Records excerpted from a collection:

________________________________________

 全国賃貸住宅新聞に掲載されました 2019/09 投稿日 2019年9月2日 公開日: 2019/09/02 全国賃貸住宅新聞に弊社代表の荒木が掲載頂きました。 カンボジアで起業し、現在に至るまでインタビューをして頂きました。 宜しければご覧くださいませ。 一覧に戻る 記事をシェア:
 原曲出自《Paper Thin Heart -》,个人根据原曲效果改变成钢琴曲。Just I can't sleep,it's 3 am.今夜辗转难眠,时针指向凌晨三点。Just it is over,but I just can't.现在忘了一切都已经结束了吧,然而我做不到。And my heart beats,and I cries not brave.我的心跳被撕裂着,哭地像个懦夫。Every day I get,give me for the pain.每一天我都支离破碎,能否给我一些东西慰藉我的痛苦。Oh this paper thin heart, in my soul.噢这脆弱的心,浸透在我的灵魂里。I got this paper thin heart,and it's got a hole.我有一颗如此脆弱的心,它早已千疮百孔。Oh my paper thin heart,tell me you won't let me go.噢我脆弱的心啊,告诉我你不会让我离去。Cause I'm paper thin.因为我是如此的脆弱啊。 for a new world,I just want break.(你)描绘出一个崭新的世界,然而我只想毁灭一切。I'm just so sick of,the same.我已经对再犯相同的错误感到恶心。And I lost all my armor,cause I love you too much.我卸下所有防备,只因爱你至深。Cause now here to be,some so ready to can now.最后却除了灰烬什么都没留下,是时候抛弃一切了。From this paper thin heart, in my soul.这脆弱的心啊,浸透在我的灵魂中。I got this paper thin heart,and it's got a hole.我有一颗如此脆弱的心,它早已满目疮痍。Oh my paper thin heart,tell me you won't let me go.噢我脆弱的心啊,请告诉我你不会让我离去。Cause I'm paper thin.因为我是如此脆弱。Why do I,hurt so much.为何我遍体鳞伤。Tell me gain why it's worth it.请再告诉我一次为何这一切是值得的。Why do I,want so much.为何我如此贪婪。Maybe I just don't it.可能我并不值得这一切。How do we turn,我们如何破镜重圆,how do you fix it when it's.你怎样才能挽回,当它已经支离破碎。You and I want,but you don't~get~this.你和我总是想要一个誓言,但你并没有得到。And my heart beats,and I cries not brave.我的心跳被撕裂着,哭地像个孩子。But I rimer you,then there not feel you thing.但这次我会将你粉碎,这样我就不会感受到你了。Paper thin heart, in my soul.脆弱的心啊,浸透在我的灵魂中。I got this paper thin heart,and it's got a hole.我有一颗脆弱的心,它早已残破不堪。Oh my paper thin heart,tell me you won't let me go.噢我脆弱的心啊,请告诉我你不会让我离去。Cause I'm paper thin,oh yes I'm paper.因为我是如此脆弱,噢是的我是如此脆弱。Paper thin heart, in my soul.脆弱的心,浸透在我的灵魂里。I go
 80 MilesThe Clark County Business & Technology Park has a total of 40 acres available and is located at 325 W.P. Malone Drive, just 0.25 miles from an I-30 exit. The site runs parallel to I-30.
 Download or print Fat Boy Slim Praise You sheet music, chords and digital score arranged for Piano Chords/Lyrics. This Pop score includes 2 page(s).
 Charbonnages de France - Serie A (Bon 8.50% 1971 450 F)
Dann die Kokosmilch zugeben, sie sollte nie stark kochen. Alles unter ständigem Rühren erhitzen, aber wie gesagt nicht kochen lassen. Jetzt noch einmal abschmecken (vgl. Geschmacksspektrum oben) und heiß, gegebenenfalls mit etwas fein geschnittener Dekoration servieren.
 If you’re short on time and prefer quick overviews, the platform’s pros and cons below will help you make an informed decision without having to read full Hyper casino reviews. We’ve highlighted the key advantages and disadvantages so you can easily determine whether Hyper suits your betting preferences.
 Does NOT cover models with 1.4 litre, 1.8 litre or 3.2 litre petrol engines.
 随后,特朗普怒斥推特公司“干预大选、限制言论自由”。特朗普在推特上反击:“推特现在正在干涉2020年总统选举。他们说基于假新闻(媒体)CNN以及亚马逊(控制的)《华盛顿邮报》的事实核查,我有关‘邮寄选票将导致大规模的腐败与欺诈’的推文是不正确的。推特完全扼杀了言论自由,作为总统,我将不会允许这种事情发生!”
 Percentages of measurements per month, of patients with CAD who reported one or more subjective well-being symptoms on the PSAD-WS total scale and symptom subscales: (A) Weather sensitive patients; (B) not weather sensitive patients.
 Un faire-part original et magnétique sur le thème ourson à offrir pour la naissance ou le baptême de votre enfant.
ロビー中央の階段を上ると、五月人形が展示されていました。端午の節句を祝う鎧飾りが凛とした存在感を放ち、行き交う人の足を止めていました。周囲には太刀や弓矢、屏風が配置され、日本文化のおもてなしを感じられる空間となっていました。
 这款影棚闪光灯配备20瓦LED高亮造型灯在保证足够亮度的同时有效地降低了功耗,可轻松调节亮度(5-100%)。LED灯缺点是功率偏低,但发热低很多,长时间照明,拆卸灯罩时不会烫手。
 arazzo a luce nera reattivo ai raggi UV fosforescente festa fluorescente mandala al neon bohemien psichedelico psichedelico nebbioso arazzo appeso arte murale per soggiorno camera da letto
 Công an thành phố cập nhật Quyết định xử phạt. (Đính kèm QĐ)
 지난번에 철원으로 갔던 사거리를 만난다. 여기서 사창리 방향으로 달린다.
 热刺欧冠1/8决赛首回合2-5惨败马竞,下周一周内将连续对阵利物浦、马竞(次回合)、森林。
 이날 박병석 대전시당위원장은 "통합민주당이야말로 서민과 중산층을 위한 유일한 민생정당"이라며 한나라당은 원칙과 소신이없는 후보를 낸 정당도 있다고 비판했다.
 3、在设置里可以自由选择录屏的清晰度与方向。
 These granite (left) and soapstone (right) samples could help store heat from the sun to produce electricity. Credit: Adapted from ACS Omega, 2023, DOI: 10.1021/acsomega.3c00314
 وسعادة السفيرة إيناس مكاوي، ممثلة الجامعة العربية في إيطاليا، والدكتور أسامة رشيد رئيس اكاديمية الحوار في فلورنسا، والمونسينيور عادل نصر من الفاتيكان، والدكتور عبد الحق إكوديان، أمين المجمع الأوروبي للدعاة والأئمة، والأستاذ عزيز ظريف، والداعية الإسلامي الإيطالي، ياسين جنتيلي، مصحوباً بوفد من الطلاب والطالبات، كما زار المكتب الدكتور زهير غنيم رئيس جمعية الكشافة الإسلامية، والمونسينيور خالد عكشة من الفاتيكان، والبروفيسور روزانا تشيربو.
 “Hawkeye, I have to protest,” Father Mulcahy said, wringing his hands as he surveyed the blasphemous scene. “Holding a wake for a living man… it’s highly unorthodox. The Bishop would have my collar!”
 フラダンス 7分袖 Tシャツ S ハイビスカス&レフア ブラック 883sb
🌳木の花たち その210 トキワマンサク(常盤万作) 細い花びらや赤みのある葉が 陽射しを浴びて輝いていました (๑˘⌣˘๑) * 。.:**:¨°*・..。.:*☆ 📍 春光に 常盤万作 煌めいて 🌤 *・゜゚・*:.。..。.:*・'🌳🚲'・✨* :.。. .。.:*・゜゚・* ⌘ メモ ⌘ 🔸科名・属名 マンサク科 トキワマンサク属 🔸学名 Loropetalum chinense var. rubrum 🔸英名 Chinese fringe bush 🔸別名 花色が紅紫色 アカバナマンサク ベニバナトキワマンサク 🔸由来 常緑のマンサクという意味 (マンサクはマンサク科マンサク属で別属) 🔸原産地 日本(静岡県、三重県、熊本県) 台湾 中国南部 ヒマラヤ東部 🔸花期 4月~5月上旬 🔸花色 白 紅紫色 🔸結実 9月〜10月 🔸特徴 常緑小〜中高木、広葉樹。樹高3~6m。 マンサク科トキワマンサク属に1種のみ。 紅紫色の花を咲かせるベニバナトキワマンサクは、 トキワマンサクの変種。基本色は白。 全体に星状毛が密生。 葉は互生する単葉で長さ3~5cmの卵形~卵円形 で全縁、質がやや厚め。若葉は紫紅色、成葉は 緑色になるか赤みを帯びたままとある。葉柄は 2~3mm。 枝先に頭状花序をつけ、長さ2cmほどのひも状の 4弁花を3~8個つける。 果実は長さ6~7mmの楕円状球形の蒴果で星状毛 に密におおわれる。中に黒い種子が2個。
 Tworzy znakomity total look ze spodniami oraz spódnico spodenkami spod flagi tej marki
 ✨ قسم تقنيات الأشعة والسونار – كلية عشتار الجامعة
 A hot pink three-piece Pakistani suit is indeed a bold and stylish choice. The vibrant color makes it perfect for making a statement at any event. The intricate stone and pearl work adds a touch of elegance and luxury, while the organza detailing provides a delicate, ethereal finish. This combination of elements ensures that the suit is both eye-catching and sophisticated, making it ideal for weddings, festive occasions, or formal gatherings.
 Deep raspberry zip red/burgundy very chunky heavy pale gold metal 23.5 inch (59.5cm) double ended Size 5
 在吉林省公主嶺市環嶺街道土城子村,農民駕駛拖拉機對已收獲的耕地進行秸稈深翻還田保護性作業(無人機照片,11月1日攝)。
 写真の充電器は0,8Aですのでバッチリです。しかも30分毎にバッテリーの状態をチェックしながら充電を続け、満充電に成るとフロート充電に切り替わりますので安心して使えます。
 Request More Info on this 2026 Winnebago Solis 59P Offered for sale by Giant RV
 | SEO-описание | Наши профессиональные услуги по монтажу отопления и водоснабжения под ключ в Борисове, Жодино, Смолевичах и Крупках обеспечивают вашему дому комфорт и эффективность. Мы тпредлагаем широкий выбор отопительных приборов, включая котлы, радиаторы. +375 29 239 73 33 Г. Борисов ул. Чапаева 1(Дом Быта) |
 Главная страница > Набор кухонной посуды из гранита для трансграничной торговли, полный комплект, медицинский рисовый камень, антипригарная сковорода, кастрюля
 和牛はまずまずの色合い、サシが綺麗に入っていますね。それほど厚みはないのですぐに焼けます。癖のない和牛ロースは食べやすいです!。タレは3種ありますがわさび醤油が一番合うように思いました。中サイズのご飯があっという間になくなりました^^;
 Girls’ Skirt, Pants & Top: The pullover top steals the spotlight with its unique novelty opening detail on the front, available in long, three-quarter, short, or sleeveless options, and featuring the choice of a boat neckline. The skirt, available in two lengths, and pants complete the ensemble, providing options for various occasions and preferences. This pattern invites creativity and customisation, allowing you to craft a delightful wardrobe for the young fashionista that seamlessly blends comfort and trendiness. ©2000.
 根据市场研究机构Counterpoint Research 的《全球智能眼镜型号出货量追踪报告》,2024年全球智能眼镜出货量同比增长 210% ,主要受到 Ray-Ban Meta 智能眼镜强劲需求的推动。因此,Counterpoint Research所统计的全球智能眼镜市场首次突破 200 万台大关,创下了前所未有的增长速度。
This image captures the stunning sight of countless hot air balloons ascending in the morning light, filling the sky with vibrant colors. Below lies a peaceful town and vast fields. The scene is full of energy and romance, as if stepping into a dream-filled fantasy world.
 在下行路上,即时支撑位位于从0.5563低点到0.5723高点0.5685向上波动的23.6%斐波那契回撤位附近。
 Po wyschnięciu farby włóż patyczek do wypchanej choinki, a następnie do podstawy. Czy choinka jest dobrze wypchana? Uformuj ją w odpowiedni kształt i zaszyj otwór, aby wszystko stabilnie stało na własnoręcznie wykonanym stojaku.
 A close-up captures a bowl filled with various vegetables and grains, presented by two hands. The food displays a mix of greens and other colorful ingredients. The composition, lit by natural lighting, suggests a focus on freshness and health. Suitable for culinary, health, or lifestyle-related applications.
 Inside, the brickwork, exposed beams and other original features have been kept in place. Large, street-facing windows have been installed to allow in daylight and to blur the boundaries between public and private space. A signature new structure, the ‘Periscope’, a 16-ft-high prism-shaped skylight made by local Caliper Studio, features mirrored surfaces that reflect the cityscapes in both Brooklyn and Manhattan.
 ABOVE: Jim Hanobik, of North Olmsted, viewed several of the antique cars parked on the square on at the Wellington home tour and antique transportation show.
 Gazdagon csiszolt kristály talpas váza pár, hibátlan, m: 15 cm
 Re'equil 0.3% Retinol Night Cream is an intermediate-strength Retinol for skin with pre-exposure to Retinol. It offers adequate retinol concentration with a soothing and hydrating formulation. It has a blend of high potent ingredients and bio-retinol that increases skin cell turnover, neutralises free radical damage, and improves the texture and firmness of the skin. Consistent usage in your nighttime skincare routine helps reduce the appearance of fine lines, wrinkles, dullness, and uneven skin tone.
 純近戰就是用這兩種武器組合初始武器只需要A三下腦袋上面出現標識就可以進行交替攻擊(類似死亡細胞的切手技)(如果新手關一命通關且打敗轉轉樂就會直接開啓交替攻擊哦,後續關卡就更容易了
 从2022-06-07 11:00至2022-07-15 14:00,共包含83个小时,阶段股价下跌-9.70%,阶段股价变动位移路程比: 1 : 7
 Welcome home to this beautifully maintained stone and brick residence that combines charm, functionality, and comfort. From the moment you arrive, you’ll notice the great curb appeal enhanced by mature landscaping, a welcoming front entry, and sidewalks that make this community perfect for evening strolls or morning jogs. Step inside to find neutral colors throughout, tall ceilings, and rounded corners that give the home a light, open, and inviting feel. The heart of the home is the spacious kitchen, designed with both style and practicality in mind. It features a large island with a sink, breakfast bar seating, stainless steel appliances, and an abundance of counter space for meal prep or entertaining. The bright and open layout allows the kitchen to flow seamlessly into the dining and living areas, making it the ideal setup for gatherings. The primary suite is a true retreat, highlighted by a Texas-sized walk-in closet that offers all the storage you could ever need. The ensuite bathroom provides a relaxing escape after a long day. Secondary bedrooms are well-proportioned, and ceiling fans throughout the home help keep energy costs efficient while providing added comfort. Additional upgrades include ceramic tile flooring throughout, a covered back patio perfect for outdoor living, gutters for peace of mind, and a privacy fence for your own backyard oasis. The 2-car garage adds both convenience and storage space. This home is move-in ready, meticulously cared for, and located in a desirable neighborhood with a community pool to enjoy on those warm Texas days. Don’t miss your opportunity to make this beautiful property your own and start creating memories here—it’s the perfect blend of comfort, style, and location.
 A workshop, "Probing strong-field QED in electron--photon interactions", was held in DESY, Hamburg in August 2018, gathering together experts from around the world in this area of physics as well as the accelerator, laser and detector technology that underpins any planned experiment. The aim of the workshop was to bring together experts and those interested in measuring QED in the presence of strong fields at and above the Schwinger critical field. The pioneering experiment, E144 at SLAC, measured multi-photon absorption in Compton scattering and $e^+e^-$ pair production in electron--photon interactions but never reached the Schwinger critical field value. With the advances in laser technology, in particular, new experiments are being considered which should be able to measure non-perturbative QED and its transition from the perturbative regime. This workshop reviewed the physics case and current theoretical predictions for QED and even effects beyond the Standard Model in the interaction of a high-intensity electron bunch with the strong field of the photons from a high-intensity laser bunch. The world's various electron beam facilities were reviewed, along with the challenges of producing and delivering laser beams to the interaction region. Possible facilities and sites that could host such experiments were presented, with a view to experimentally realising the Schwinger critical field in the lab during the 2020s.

________________________________________

Only the number is needed. Say how many lines of the entries contain "three".

2